L’interdiction des réseaux sociaux aux ados, en Australie, ça ne marche pas

L’interdiction des réseaux sociaux aux adolescents en Australie : un échec apparent

Selon un rapport gouvernemental australien, l’interdiction des réseaux sociaux pour les moins de 16 ans, entrée en vigueur en décembre dernier, n’a entraîné aucun abandon “significatif”. Cette initiative a fait de l’Australie le premier pays à mettre en œuvre une telle mesure, visant à protéger les jeunes des effets nocifs potentiels sur leur santé mentale.

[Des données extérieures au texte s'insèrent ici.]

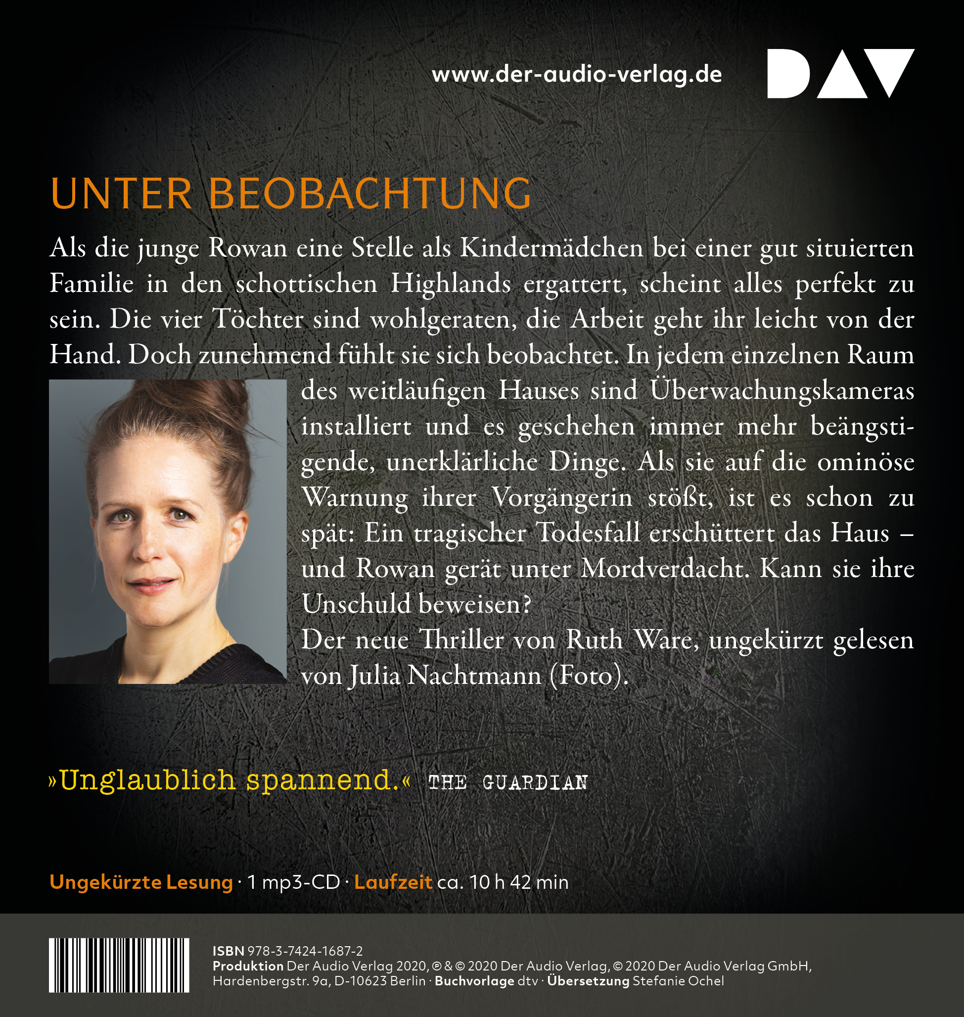 Julia Nachtmann, 1981 geboren, wurde u.a. mit dem Boy-Gobert-Preis ausgezeichnet und war in Kinoproduktionen wie »Die Kirche bleibt im Dorf« und Fernsehserien wie »Der Dicke« zu sehen. Sie ist u.a. Sprecherin der Krimi-Bestseller von Nele Neuhaus und liest für DAV alle Hörbücher von Ruth Ware ein.

Des documents obtenus par l’AFP révèlent que des plateformes comme Instagram et TikTok continuaient de dominer les classements et les téléchargements dans les magasins d’applications un mois après l’interdiction. Bien que certains utilisateurs aient tenté d’explorer d’autres applications, la majorité est rapidement revenue vers les plateformes bien établies.

Il est à noter qu’il est difficile de tirer des conclusions définitives à partir des données de téléchargement si peu de temps après l’entrée en vigueur de l’interdiction. Les données ne reflètent pas nécessairement l’utilisation des applications ni l’âge des utilisateurs, mais offrent des indications préliminaires sur la popularité des applications.

L’une des motivations principales de cette interdiction est la lutte contre le cyberharcèlement, qui a enregistré une augmentation de 26 % entre janvier 2025 et janvier 2026, majoritairement sur TikTok. Les responsables de la commission eSafety affirment que l’analyse continue des données permettra de mieux comprendre les impacts d’un âge minimum pour les réseaux sociaux.

D’autres pays, tels qu’Israël, le Royaume-Uni, la Norvège et la Nouvelle-Zélande, ont exprimé un intérêt pour des mesures similaires. Le régulateur australien a également menacé de sanctions des géants de la technologie, dont TikTok et Instagram, accusés de ne pas respecter l’interdiction.

Trois mois après l’entrée en vigueur de cette loi, plus de cinq millions de comptes d’utilisateurs mineurs ont été supprimés, mais la Commission eSafety a signalé qu’une proportion importante d’enfants australiens continuait d’accéder à des plateformes interdites, suscitant des préoccupations majeures.